Studies made on some of the 381.7 kg of rocks and other materials gathered during the Apollo missions (much of which is currently stored at the Lunar Receiving Laboratory in Houston) proved there is some amount of water on the moon but there was no knowledge of how much there was and how to extract it.
In 1994, the SDI-NASA Clementine spacecraft orbited the Moon and mapped its surface. In one experiment, Clementine beamed radio signals into shadowed craters near the Moon’s south pole. The reflections, received by antennas on Earth, seemed to come from icy material.
In 1998, NASA sent another spacecraft, Lunar Prospector, to check. Using a device called a neutron spectrometer, Lunar Prospector scanned the Moon’s surface for hydrogen-rich minerals. Once again, polar craters yielded an intriguing signal: neutron ratios indicated hydrogen. Could it be the “H” in H2O? Many researchers think so.
But recently, due to a progress in the water detection technology, the analysis of volcanic beads brought back from the moon have shown significant traces of water.
“This really appears to have changed the rules of the game.
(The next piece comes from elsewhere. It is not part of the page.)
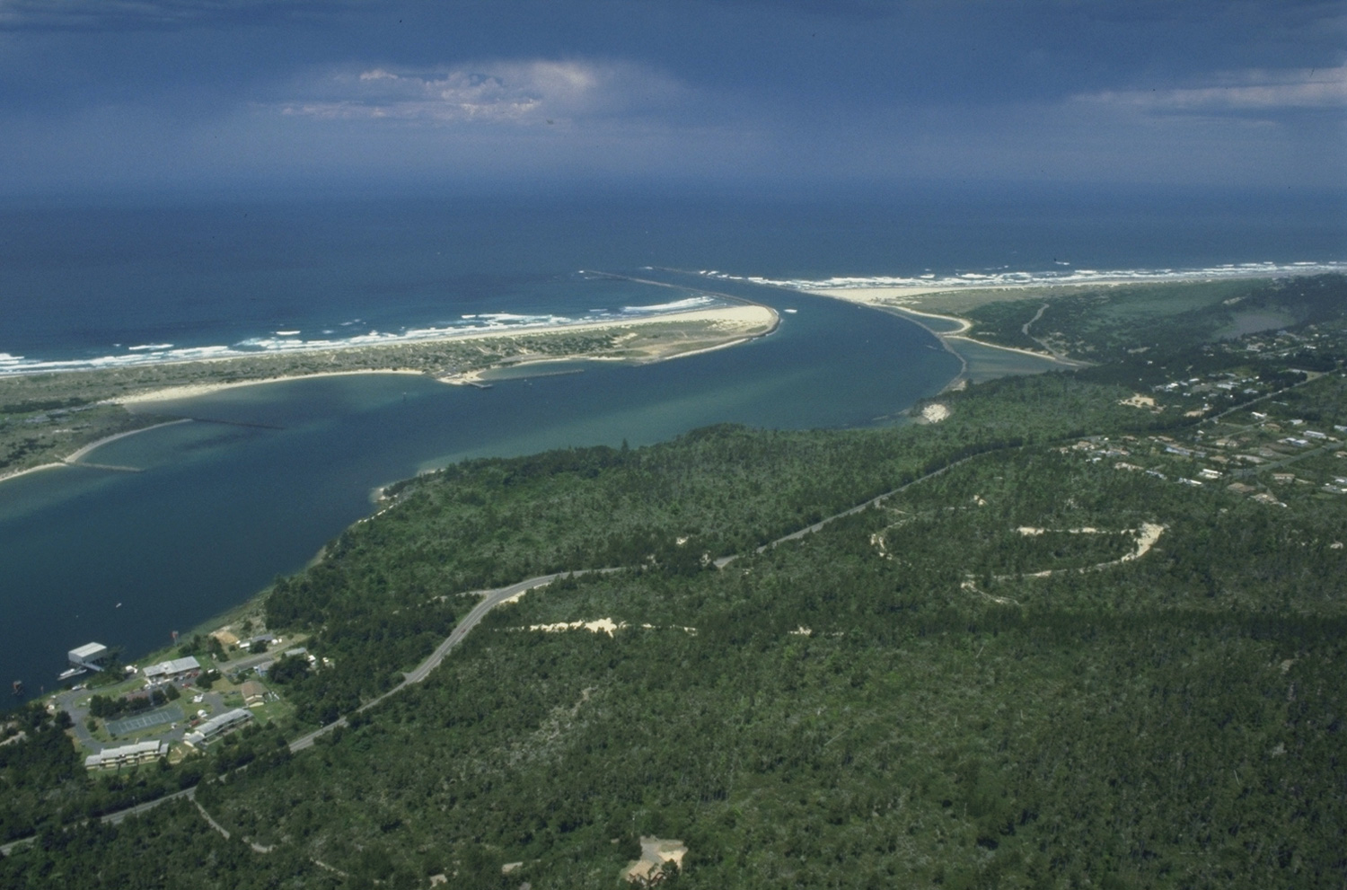 The mouth of the Siuslaw River in the Pacific Ocean at Florence, Oregon, USA.

The assumption has been that the moon is dry,” said Robin Canup, astrophysicist and director of the Southwest Research Institute in Boulder, who did not participate in the study.
Scientist believe that the Moon was formed when a Mars-sized planet (called “Theia”) collided with Earth 4.5 billion years ago blasting sufficient material into orbit around the proto-Earth to form the Moon. But this theory also suggests that all the water all the Moon should of been blasted into space and vaporized, thus making the Moon a dry satellite.
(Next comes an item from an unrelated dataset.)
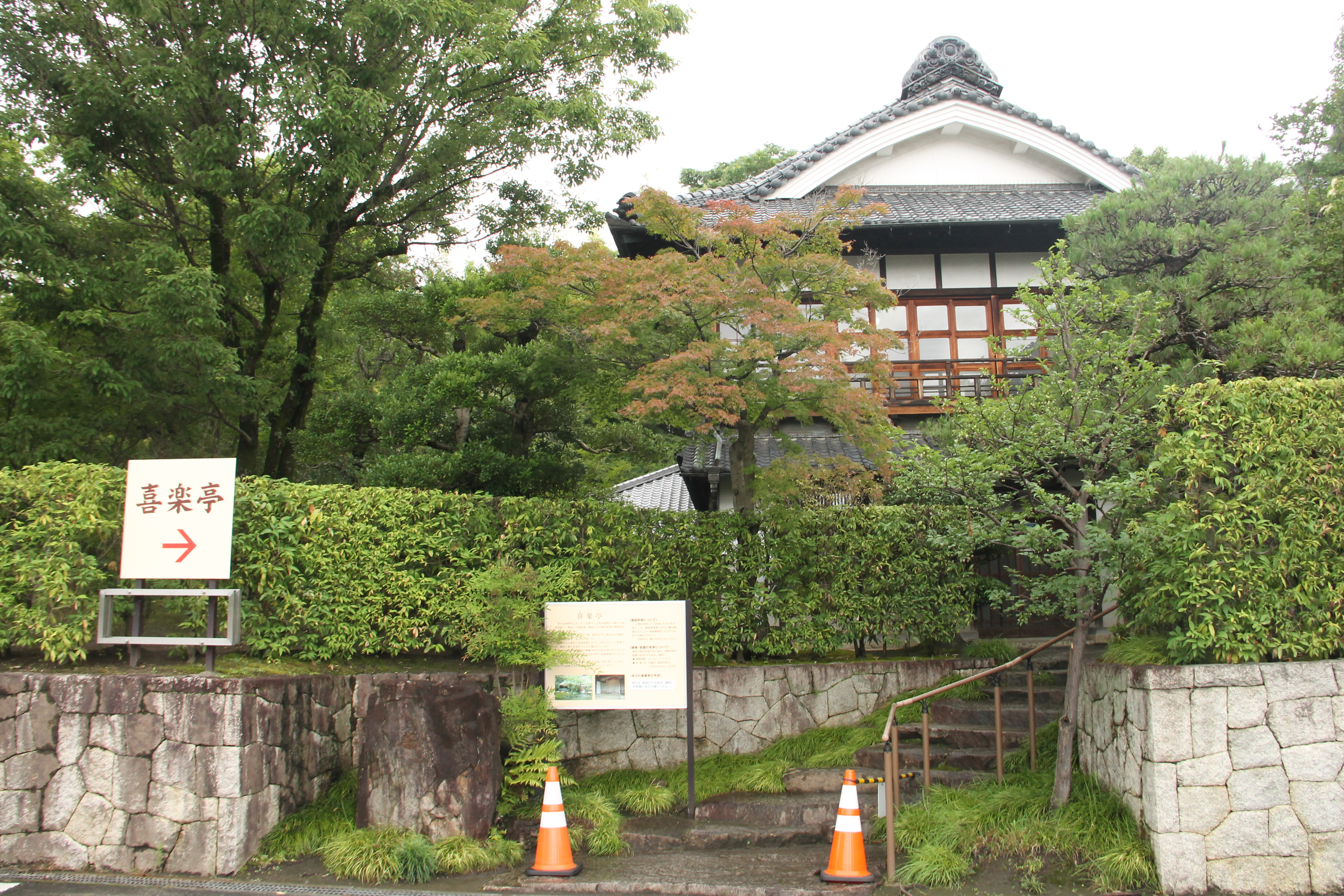 Relocated Kirakutei, located in Toyota Industry Culture Center in Kozaka-hon-machi, Toyota, Aichi Prefecture

The research team states that the glass beads analyzed are most likely drops of molten lava from the inner structure of the moon, not from the supposed impact that created the moon. In addition to this, it’s not likely that the moon was able either to retain water or to gather it from meteorites during the first 100 million years of it’s existence, considering the fact that the energy created when Earth collided with Theia should have put the Moon into a molten state. Evaporated water from the Moon would of left the atmosphere due to it’s low gravitation.
In 2008, NASA plans to send a new spacecraft to the Moon: the Lunar Reconnaissance Orbiter (LRO), bristling with advanced sensors that can sense water in at least four different ways. Scientists are hopeful that LRO can decide the question of Moon water once and for all. This new lunar expedition could settle the future of lunar expedition as a science base on the moon would rely heavy on watter obtained on-site.